Here is a picture of an insect pest - the tomato hornworm Manduca quinquemaculata - in its most elegant form. (credit- wikipedia)

Insect picture

The experiment was run by taking several independent crop plots of nightshade solanaceae (tomatoes, peppers etc) and spraying them with one of 6 different insecticide sprays (again, we only know them as A,B,C,D,E,F). Insects were randomly sampled (dead ones) after the treatment. The data cover 72 plots, each spray was applied on 12 plots.

Your job is to find out whether these sprays influence the amount of insects killed on a crop.

The data can be found at https://www.math.ntnu.no/emner/ST2304/2019v/Week8/InsectData.csv

The first step is to import the data and assign it to an object. You can use the whole web link above to import the data. It is a csv file with column names (header) included.

The first step, as always, is to plot our data. As we just have two columns we can use the pairs() function without a problem.

Take a look at the plot and think about the experimental design.
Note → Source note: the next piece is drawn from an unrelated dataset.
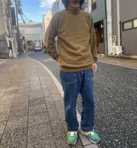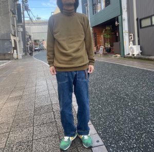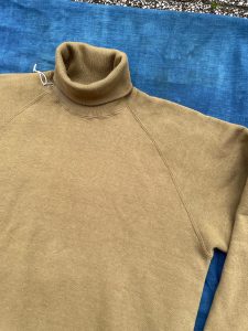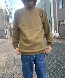 意外とあまり見かけない、タートルネックのスウェットは吊り編み生地特有の着心地に、首元も全くストレスが無く、タートルネック好きな方にはかなりお勧めのスウェットです。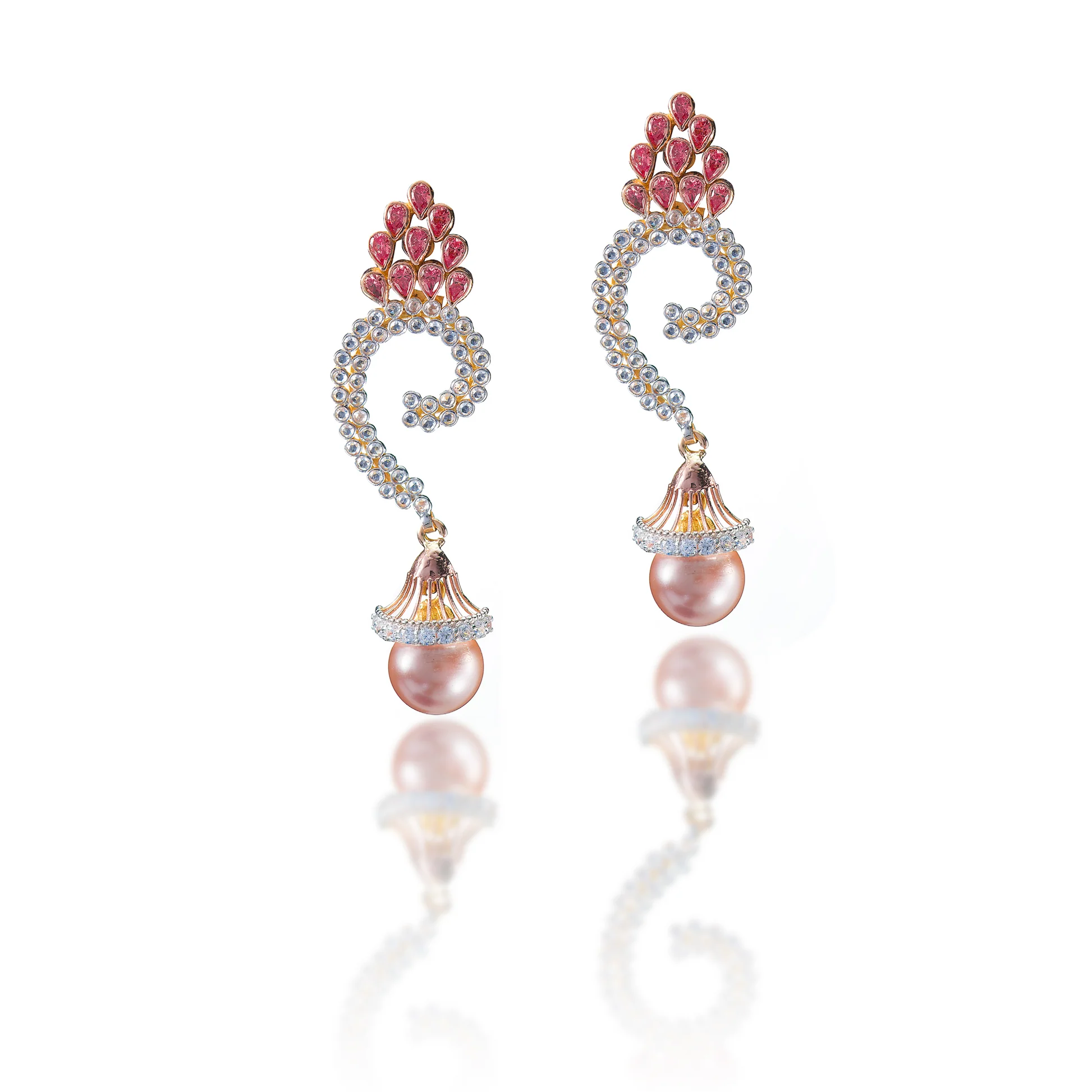 SKU: QZ-ER31 Weight: 8.64g Purity: 21k Gracefully swirling with ruby accents and crowned by blushing pearls, Rosé Plume captures the essence of romantic elegance in motion.

1. What is the response variable and what is the explanatory variable here? What kind of data are each of these?

You want to try and model this data. Given your answer to question 1, 2. What would you try and model from this data? (i.e. What estimates would we want our model to produce? Put simply, what are we interested in finding out or capturing mathematically here?)

Hint: think about the kind of values we can get out of models e.g. we can characterise a relationship, estimate a difference between means, estimate a probability (these are all examples of models we have used)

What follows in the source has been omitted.